Bitmask Dynamic Programming (Bitmask DP) is a technique used to solve problems where the state of a system can be represented by a small set of binary flags. By using an integer's bits to store boolean information—where each bit corresponds to a specific element's status—we can compactly represent and manipulate complex configurations.
Core Concepts
The fundamental idea is to map a seqeunce of boolean states into an integer. For instance, if you have a row of $n$ cells, the state of whether each cell is "occupied" (1) or "empty" (0) can be represented by an integer in the range $[0, 2^n - 1]$. This approach is highly effective when $n$ is small (typically $n \le 20$), as the exponential growth of state space ($2^n$) quick becomes unmanageable for larger constraints.
Illustrative Problem: Non-Attacking Rooks
Given an $n \times n$ chessboard with certain restricted cells, determine the number of ways to place $n$ non-attacking rooks. Since each row and column can contain only one rook, we can represent the configuration by tracking which columns are already occupied using a bitmask.
#include <iostream>
#include <vector>
using namespace std;
typedef long long ll;
ll solve_rooks() {
int n, m;
cin >> n >> m;
vector<int> restricted(n + 1, 0);
for (int i = 0; i < m; ++i) {
int r, c;
cin >> r >> c;
restricted[r] |= (1 << (c - 1));
}
vector<ll> dp(1 << n, 0);
dp[0] = 1;
for (int mask = 0; mask < (1 << n) - 1; ++mask) {
int row = __builtin_popcount(mask) + 1;
for (int col = 0; col < n; ++col) {
if (!(mask & (1 << col)) && !(restricted[row] & (1 << col))) {
dp[mask | (1 << col)] += dp[mask];
}
}
}
return dp[(1 << n) - 1];
}
Common Techniques
- State Pre-processing: For problems like "Kings" (where neighbors cannot be adjacent), pre-calculate all valid configurations for a single row to prune the state space.

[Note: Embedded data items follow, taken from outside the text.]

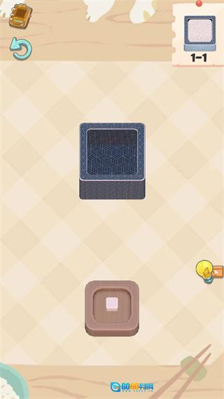 玩家能够先旋转食物块,接着将其翻转,从而使其能恰当地放入盒子里。
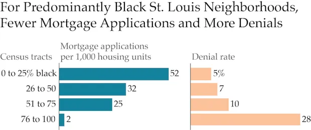 以黑人为主的普查区的家庭申请的抵押贷款总体上较少。这是恶性循环的一个方面: 种族财富差距使许多黑人美国人无法申请抵押贷款。杰克逊维尔黑人家庭的中位收入为34,692美元,而白人家庭的中位收入为56,771美元。
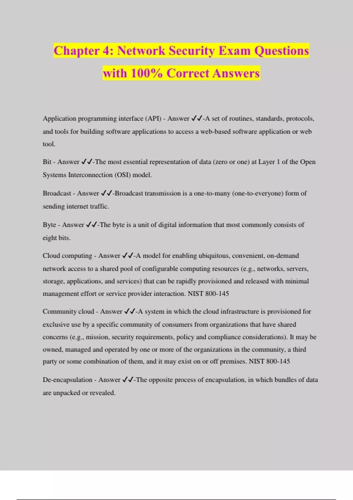 Chapter 4: Network Security Exam Questions with 100% Correct Answers Application programming interface (API) - Answer ️️ -A set of routines, standards, protocols, and tools for building software applications to access a web-based software application or web tool. Bit - Answer ️️ -The most essential representation of data (zero or one) at Layer 1 of the Open Systems Interconnection (OSI) model. Broadcast - Answer ️️ -Broadcast transmission is a one-to-many (one-to-everyone) form of sending internet traffic. Byte - Answer ️️ -The byte is a unit of digital information that most commonly consists of eight bits. Cloud computing - Answer ️️ -A model for enabling ubiquitous, convenient, on-demand network access to a shared pool of configurable computing resources (e.g., networks, servers, storage, applications, and services) that can be rapidly provisioned and released with minimal management effort or service provider interaction. NIST 800-145 Community cloud - Answer ️️ -A system in which the cloud infrastructure is provisioned for exclusive use by a specific community of consumers from organizations that have shared concerns (e.g., mission, security requirements, policy and compliance considerations). It may be owned, managed and operated by one or more of the organizations in the community, a third party or some combination of them, and it may exist on or off premises. NIST 800-145 De-encapsulation - Answer ️️ -The opposite process of encapsulation, in which bundles of data are unpacked or revealed. Denial-of-Service (DoS) - Answer ️️ -The prevention of authorized access to resources or the delaying of time-critical operations. (Time-critical may be milliseconds or it may be hours, depending upon the service provided.) Source: NIST SP 800-27 Rev A Domain Name Service (DNS) - Answer ️️ -This acronym can be applied to three interrelated elements: a service, a physical server and a network protocol. Encapsulation - Answer ️️ -Enforcement of data hiding and code hiding during all phases of software development and operational use. Bundling together data and methods is the process of encapsulation; its opposite process may be called unpacking, revealing, or using other terms. Also used to refer to taking any set of data and packaging it or hiding it in another data structure, as is common in network protocols and encryption. Encryption - Answer ️️ -The process and act of converting the message from its plaintext to ciphertext. Sometimes it is also referred to as enciphering. The two terms are sometimes used interchangeably in literature and have similar meanings. File Transfer Protocol (FTP) - Answer ️️ -The internet protocol (and program) used to transfer files between ho
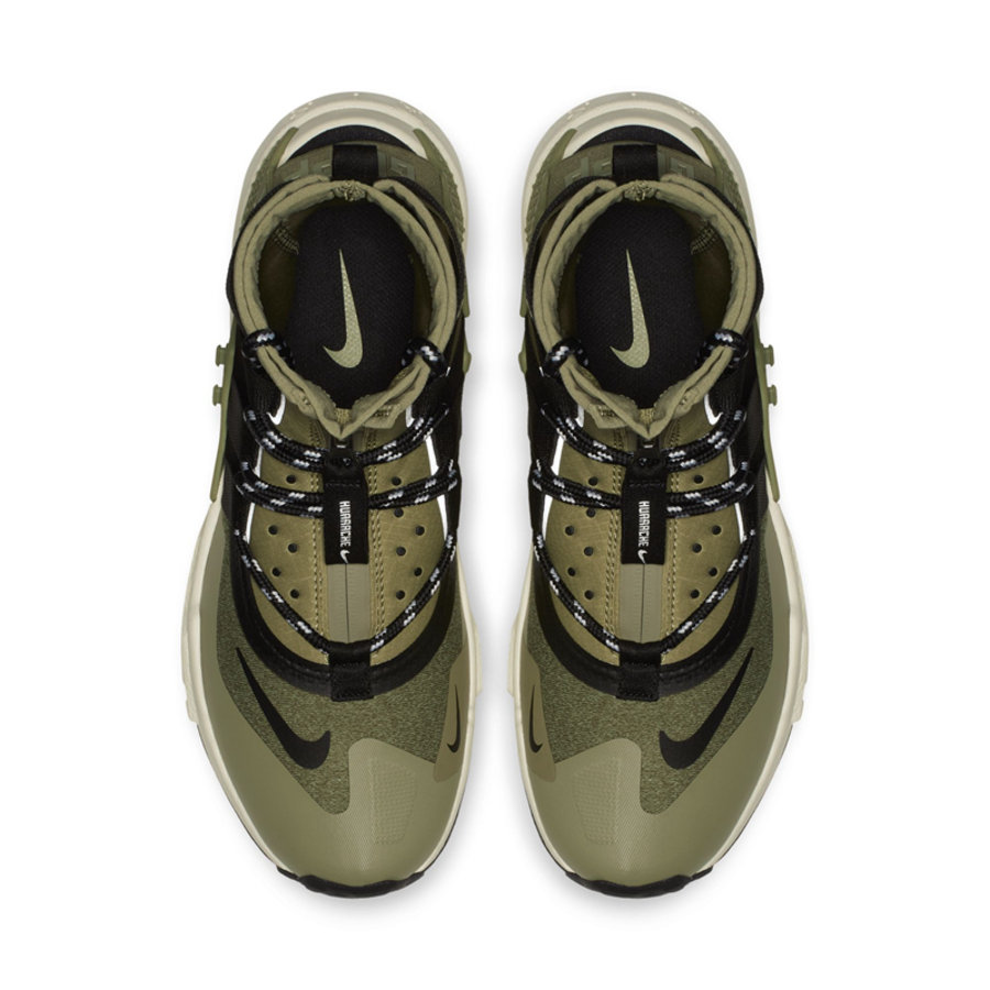 鞋面由热熔和高密度织物打造,接缝处有压胶处理,侧面的绑带系统强化支撑。领口处为双层设计,外层还带有拉链,这些设计表明这款鞋拥有防水功能。

- Transition Constraints: When transitioning between rows (e.g., in grid-based problems), use bitwise operators such as
(maskA & maskB) == 0to ensure vertical adjacency rules are respected. - Ring-Buffer Mapping: For circular dependencies, you can iterate over the possible states of the first position and fix it, effectively "unrolling" the ring into a linear structure.
Advanced Pattern: The "Angry Birds" Approach
In problems involving covering elements with sets (like parabolas hitting pigs), identify all possible "covering patterns" beforehand. Represent each pattern as an integer mask. The transition then becomes: dp[mask | pattern] = min(dp[mask | pattern], dp[mask] + 1). This transforms the problem into a variation of the Set Cover problem, solvable in $O(2^n \cdot n^2)$ or similar complexities.